DIFFERENT KINDS OF BEEHIVES

A sting from a bee can happen out of nowhere. If you are outside during the spring, there is a high chance bees could be flying around whether they are looking for pollen or heading back to their colony. Either way, it is always good to be prepared and ready just in case you or someone you know is stung by a bee.

With the importance of bees in the natural ecosystem, it is a standard practice to make sure they have a safe home while keeping everyone around them safe as well. Whether bees are in a natural beehive or a man-made one, there are numerous variations of hives that each serve a specific purpose in housing colonies both big and small

NATURAL HIVES

When it comes to naturally made beehives, these are the stereotypical hives seen outdoors. While these hives take on many different sizes and shapes, they all share specific structural details.

The main detail is the hexagonal shape used in storing the honey. The honeycombs are always formed in this six-sided shape because of the ability to hold honey better than other shapes. The bees will use heat in order to melt the sides of their honeycombs to form this shape for each hive. This shape is also used so no space is wasted when creating the hive.

Propolis, which is a substance from tree buds that bees collect, is then used to fill crevices in the honeycomb to make the hive structurally sound. 

LANGSTROTH HIVES

Developed in the mid 1800’s by Reverend Lorenzo Langstroth, this hive is one of the most common hives used in North America.

The Langstroth Hive’s simple design helps to make keeping bees in this contraption very simple. The structure is made with box-shaped hives that are stacked on top of one another and each has moveable frames to access each individual row of comb.

The hive is very adaptable as there are many variations to it. The boxes have numerous variations as it has three different depths and two different widths. When it comes to depths, the hives range from deep, medium and shallow depths. For widths, the hives can have either eight or ten frames.  

The only disadvantage to having the Langstroth is the weight. These boxes can range from a weight of 30 pounds all the way to 100 pounds so heavy lifting will be necessary if they are to be transported.

TOP BAR HIVE

While the Langstroth is one of the most common hives used in North America, The Top Bar Hive is the most commonly used hive around the world.

The hive gets its namesake because instead of using frames, bars are used on top of the hive body so that the colony of bees can use them to form living space. It gives enough space for the bees to build what they need. This also gives beekeepers easy access to remove the combs if and when necessary.
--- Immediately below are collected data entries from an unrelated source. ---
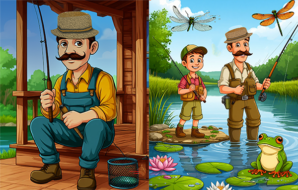 Дядя Юра любил ловить рыбу удочкой. Я, маленький мальчик, постоянно просил его взять меня с собой. Однажды мы отправились на речку. Светило солнце, пели птицы, стрекозы кружили над водой. Мы шли вдоль берега, где среди белых кувшинок сидели лягушки, ловя мух. Наконец, мы добрались до заветного места среди ив. Это была тихая заводь, идеальное место для рыбалки. Мы приготовили тесто с подсолнечным маслом, скатали шарики и надели их на крючки. Забросили удочки. На приманку клевали только мелкие пескари. Конечно, в реке водилась и более крупная рыба, но наша наживка её не привлекала.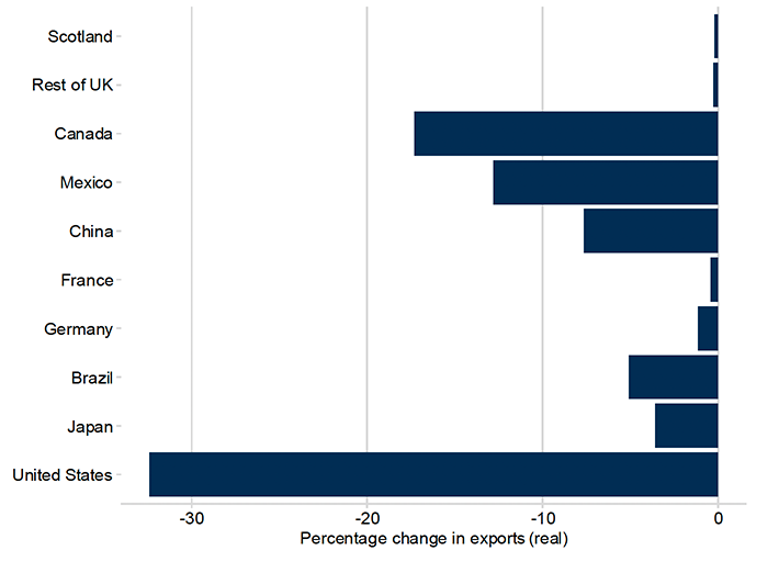 The model tells us how much larger or smaller trade flows would be in the long run, in the scenario of interest compared to the baseline trade flows in the input data. The results presented here are summarised from the raw outputs, showing how exports and output could be affected for Scotland, the rest of the UK, and other selected countries.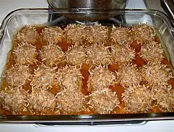Porcupine meatballs are an American casserole dish of ground beef and rice meatballs cooked in tomato sauce. They were a staple during the Great Depression requiring only a few basic ingredients: ground beef, uncooked long-grain rice, onion, and canned tomato soup.[1] The name comes from the appearance of the meatballs, which appear prickly when the rice pokes out of them as they cook, resembling a porcupine.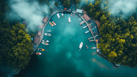 Generative AI : Aerial view of boats in Suadiye district on the Marmara Sea coast of the Asian side of Istanbul Turkey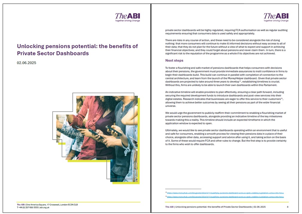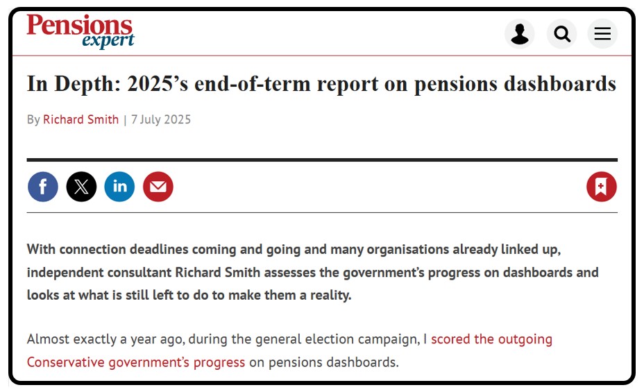 An FCA press release announces consultation CP25/17 (closing at the end of August) on its targeted support proposals and draft Handbook Rules. There’s just one mention of dashboards, in paragraph 2.96 on page 36: “The information pensions dashboard services make available to consumers could help identify if a consumer matches a consumer segment”.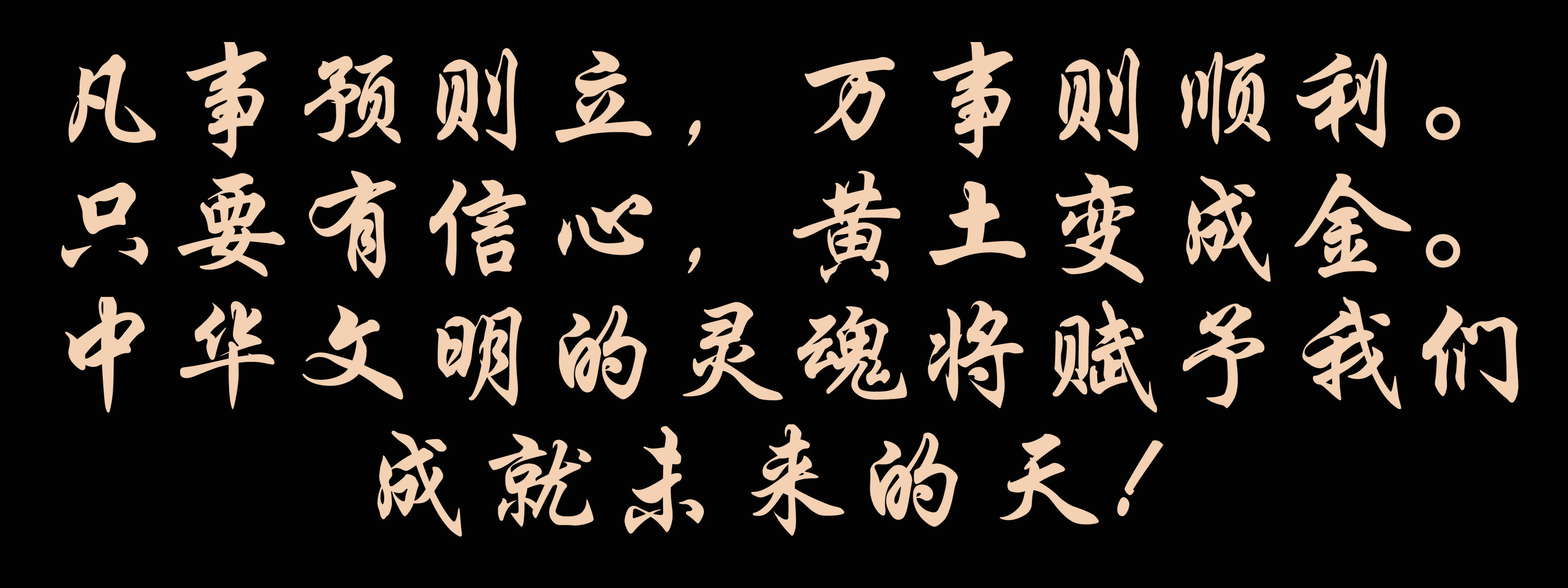 凡事預(yù)則立,萬(wàn)事則順利。只要有信心,黃土變成金。中華文明的靈魂將賦予我們成就未來(lái)的天!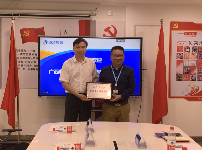 校党委常委、副校长黄文韬代表学校授予卓越教育集团“就业育人共建单位”牌匾

The design of the hive gives easy access for the bees to come and go while being able to adjust size as the hive and colonies grow. A roof is also used to keep the colonies warm in the winter time as well as reflecting sun during the summer so as to not overheat the bees.

The only real downside to this kind of hive is its delicate nature because there is no true foundation to the hive which can require constant care and maintenance.

WARRE HIVE

The Warre Hive is very similar to the Top Bar Hive with one major difference. The difference between the two is that the Warre hive is vertical from top to bottom compared to the horizontal design of the Top Bar Hive.

The hive works in a similar way as the Top Bar Hive as well as there is no true foundation, but instead there are bars placed inside the boxes where bees will create and house their colonies. A roof is put on top of the boxes and followed by a quilt cover for insulation purposes. Under the hive-body boxes, there is an entrance for the bees to come and go at the bottom of the hive. 

These kinds of hives make for easy access to the honeycombs and are a cheaper alternative to the traditional Langstroth hive as they are not hard to put together with your own supplies.

With there being no foundation like the Top Bar Hive, these can also need more maintenance and care compared to other hives.

WBC HIVE

Known as the classic beehive, the WBC is one of the most common used hives in the United Kingdom. It is still used in North America as well but not as much as the UK.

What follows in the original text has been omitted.